# Thanks boehr



## Springer4Ever (Jul 22, 2003)

Hope this retirement is just as good. Good luck Ray


----------



## jakeo (Sep 14, 2004)

Did you give your 2 week notice or just quit such a well paying job?

It could effect your benefits!!!!!:lol:

SERIOUSLY.........TYVM for all you have assisted us in!


----------



## InTheRiver (May 15, 2006)

Thanks boehr!!!!!


----------



## wally-eye (Oct 27, 2004)

Ray I have appreciated all your insight concerning the hunting/fishing laws of this state and your no nonsense approach in responding. As for the state of this site I can only attribute it to growing pains. Just in the last year I have noticed more and more of an attitude of wanting to tear down a poster instead of trying to just respond to the actual message......but I digress.

Again good luck and look forward to seeing you post in the future.......

Dan


----------



## STEINFISHSKI (Jan 30, 2001)

Yes, thanks Ray. Enjoy your retirement and thanks for your years of service with the DNR and your time spent here too.


----------



## quest32a (Sep 25, 2001)

STEINFISHSKI said:


> Yes, thanks Ray. Enjoy your retirement and thanks for your years of service with the DNR and your time spent here too.


----------



## malainse (Sep 2, 2002)

Ray, Thank you ......


----------



## Moss_835 (Feb 1, 2002)

Ray 

Thanks again for all the help and insight the past few years..

Moss


----------



## Ferg (Dec 17, 2002)

You know how I feel Ray - 

ferg....


----------



## ih772 (Jan 28, 2003)

Ray,

Thanks for all help you given all of us over the years. You've been a great resource for many of us to get the right answers to our law questions. Enjoy being "just a regular guy" on here.

Ian


----------



## Steve (Jan 15, 2000)

Thanks Ray. You have provided an invaluable service to the people of this great state.


----------



## swampbuck (Dec 23, 2004)

You have provided me with the correct information many, many times. thank you.


----------



## ridgewalker (Jun 24, 2008)

Ray, Your insights and help with understanding what might be difficult questions for us, is one of the main reasons I joined this site. Thank you and may you have a continued great retirement. You have more than earned it.


----------



## soggybtmboys (Feb 24, 2007)

Ray,

Thank you very much for you service here as a moderator. I hope you won't be a stranger, always look forward to reading your posts.

Dean


----------



## anon21511 (Jan 13, 2006)

Thanks Boehr. I'll miss your no nonsense approach.


----------



## Danatodd99 (Dec 26, 2001)

Thanks for all your help over the years Ray.

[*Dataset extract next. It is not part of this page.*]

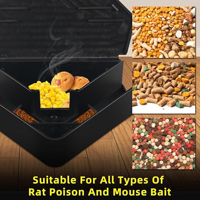 - For Indoor & Outdoor Use: The rodent bait station occupies a small area and can be used in indoor and outdoor places such as kitchens, attics, courtyards, garages, warehouses, etc.

It was great to have your insight to pretty much any issue !

Hope you enjoy your time off.


----------



## casscityalum (Aug 27, 2007)

Isnt this a little off topic and should be moved to the soundoff fourm 


JUST KIDDING! Thanks for all your help and bringing my knowledge even farther than before...THanks again boehr!


----------



## Magnet (Mar 2, 2001)

Thanks Ray.


----------



## Shoeman (Aug 26, 2000)

Thank You, sir!


----------



## Like_to_hunt (Sep 27, 2004)

I don't post often, but read alot. Thanks for all the info on Michigan law Boehr!


----------



## motcityman (Apr 4, 2006)

*thanks Ray for all you have done..you are AWESOME!*


----------



## cointoss (Apr 9, 2001)

Thanks Ray for your efforts and contributions! Always seemed that the advice and laws written about here on this forum you could take to the bank. Let me add, that it is sure is going to be tough to fill your shoes here.


----------



## sullyxlh (Oct 28, 2004)

Thanks!!!
and enjoy retirement


----------



## Burksee (Jan 15, 2003)

Steve said:


> Thanks Ray. You have provided an invaluable service to the people of this great state.


...and to this site! Now please go and enjoy your retirement!


----------



## NATTY BUMPO (May 12, 2001)

*BIG THANKS* Boehr.

You did a great job and one to be proud of too. Will look forward to seeing you around this site in the future.

NB


----------



## [email protected] (Mar 23, 2007)

You will be a loss to this site but couldn't you at least have waited until you reached 10,000 posts


----------



## itchn2fish (Dec 15, 2005)

Thank you


----------



## M1Garand (Apr 12, 2006)

Ray, I wish you well. I've always appreciated your posts and no nonsense. I do hope you will still post and always look forward to your insight on DNR or wildlife issues.


----------



## Tom Morang (Aug 14, 2001)

Ray,

Sometimes you just have to get away, I can appreciate that. Thanks for everything you have done for the site and for the resources of the State of Michigan. 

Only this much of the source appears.